Extracted records:
....................
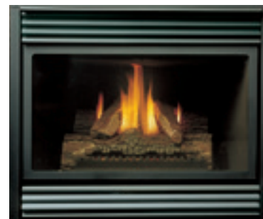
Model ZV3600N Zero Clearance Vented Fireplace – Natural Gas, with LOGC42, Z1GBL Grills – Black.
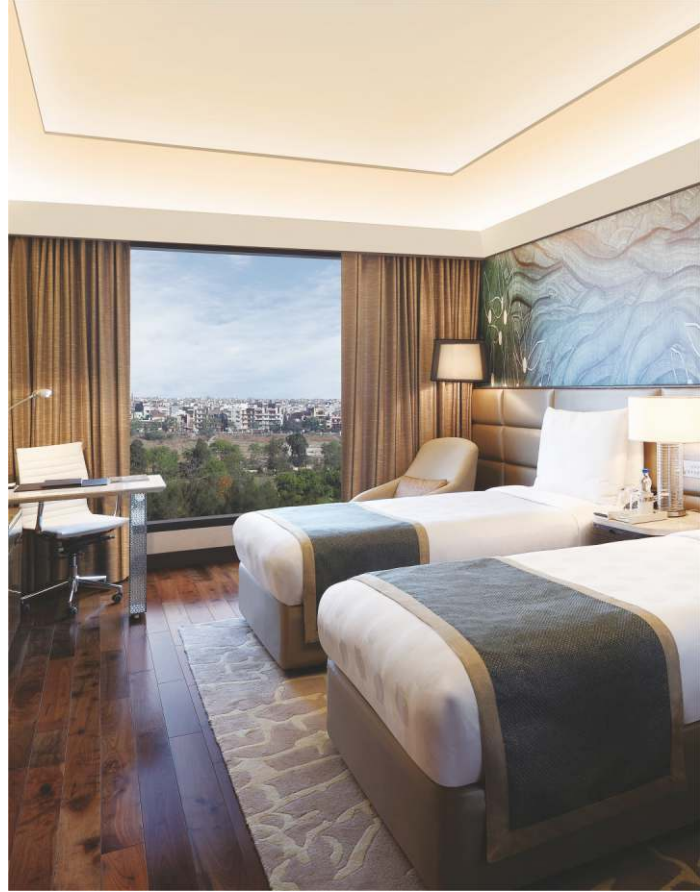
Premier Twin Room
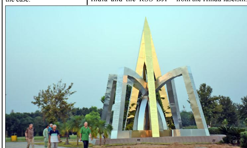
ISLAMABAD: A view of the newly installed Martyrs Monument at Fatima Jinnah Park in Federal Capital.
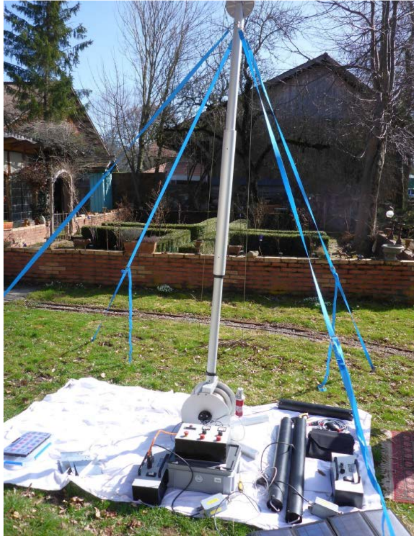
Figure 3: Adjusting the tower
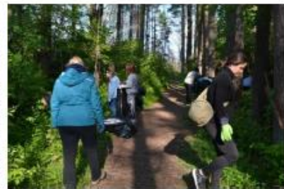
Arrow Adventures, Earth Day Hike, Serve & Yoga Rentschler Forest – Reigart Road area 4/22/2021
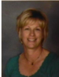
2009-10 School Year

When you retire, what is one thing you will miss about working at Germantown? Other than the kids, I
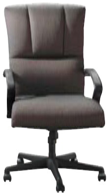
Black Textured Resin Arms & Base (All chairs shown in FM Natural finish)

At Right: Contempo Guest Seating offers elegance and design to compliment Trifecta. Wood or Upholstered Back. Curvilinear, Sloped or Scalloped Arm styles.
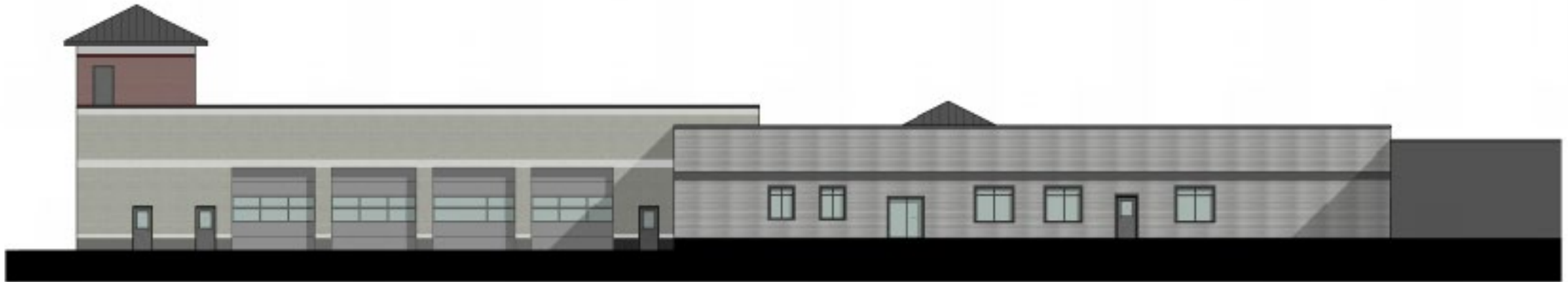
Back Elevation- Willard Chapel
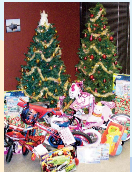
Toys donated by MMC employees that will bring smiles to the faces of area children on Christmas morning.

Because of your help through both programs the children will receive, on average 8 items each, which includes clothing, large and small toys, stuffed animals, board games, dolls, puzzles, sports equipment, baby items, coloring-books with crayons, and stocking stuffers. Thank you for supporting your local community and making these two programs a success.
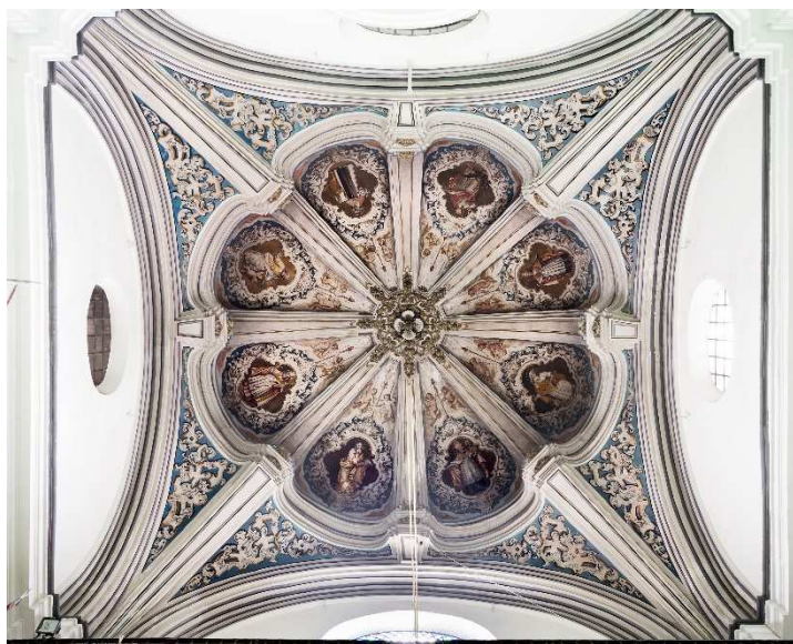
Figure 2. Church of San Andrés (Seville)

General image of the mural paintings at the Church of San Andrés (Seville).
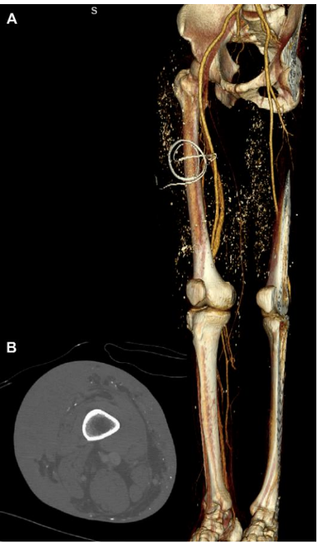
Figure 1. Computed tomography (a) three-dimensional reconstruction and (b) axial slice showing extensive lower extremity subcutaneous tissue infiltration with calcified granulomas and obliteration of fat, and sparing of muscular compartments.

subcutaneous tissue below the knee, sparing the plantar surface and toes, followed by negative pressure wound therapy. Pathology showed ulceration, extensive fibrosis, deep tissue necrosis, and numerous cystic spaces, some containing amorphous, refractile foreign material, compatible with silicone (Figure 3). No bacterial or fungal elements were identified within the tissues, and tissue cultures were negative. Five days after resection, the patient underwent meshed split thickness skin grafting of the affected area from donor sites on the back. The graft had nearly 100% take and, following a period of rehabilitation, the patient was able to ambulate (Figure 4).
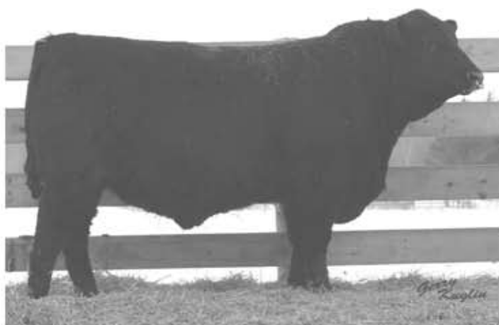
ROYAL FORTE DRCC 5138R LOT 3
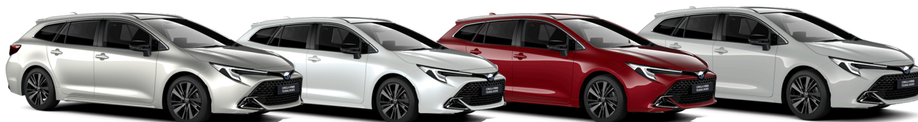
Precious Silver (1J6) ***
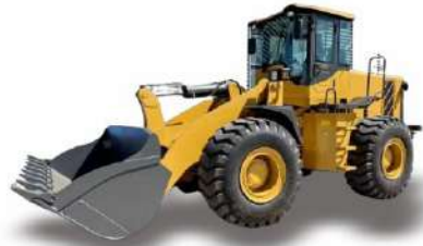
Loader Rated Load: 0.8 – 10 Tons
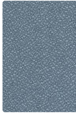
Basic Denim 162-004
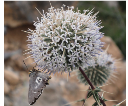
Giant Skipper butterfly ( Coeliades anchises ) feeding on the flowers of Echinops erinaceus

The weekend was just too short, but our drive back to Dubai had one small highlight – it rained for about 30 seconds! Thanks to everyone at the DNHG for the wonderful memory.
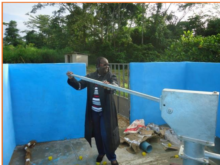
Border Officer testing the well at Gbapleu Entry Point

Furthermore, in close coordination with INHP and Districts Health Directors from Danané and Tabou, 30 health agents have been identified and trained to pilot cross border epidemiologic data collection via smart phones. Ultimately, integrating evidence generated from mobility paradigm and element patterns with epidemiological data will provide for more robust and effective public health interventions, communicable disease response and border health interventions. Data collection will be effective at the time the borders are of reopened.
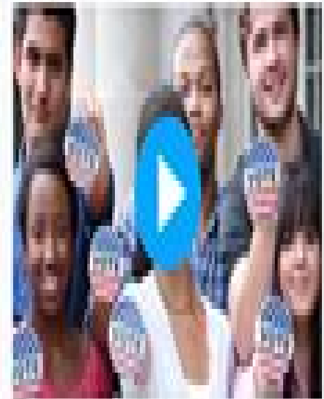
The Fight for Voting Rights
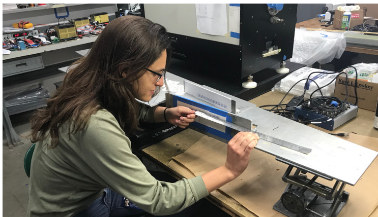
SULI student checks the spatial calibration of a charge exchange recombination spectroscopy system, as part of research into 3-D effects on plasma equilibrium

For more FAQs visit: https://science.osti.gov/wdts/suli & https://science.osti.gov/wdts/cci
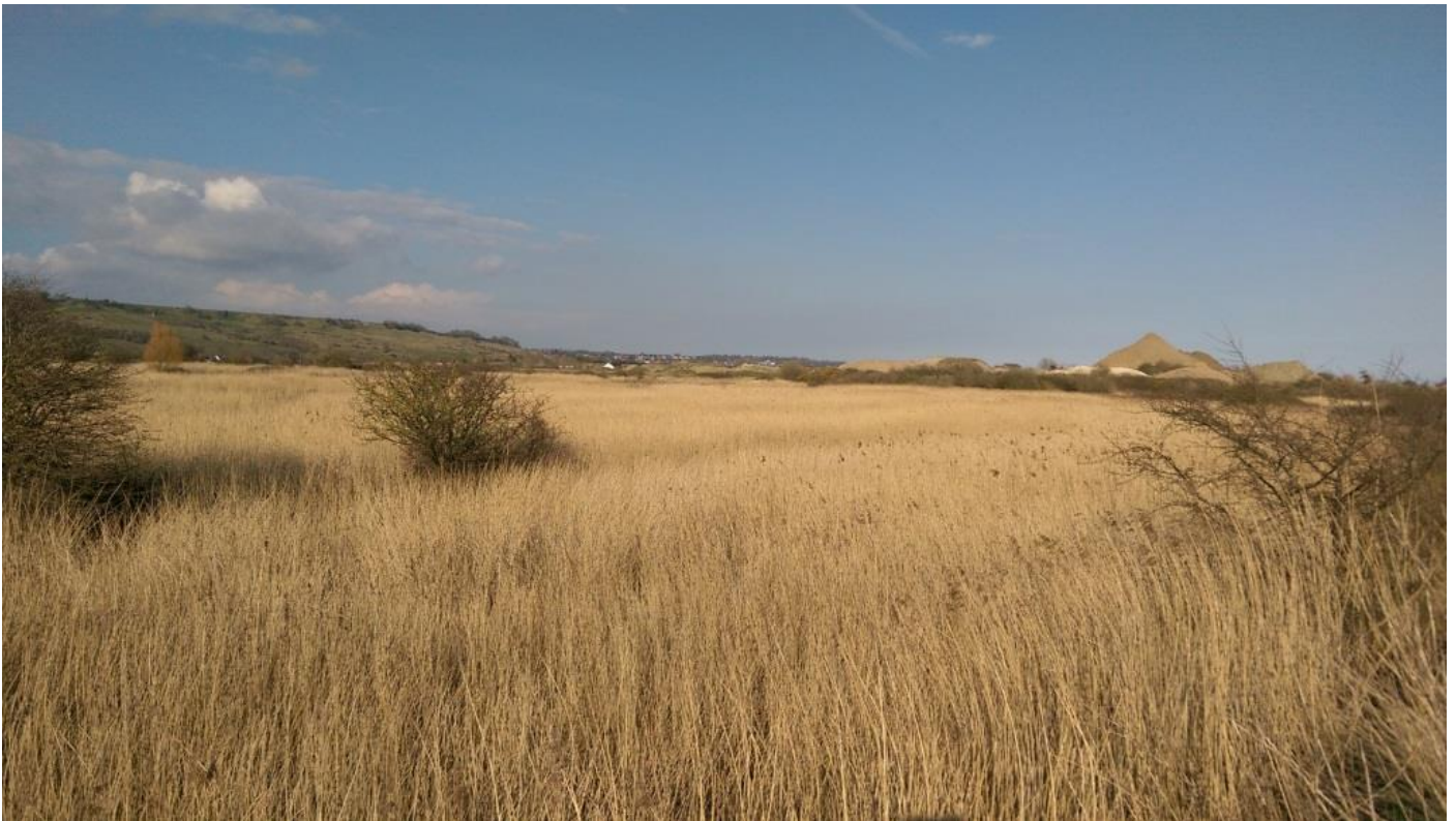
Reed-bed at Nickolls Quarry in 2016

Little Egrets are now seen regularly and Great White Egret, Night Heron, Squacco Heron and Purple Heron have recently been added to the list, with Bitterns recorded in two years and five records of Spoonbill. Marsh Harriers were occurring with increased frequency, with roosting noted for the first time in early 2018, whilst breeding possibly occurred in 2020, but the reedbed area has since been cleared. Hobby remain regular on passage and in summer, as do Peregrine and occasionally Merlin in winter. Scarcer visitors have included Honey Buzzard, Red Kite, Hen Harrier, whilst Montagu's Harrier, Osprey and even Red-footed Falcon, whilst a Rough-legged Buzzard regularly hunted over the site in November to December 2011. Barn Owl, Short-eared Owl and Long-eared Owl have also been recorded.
....................
__Required action__: Copy out every line from the data above in which the word "Andrés" occurs.

__Solution for this task__:
Figure 2. Church of San Andrés (Seville)
General image of the mural paintings at the Church of San Andrés (Seville).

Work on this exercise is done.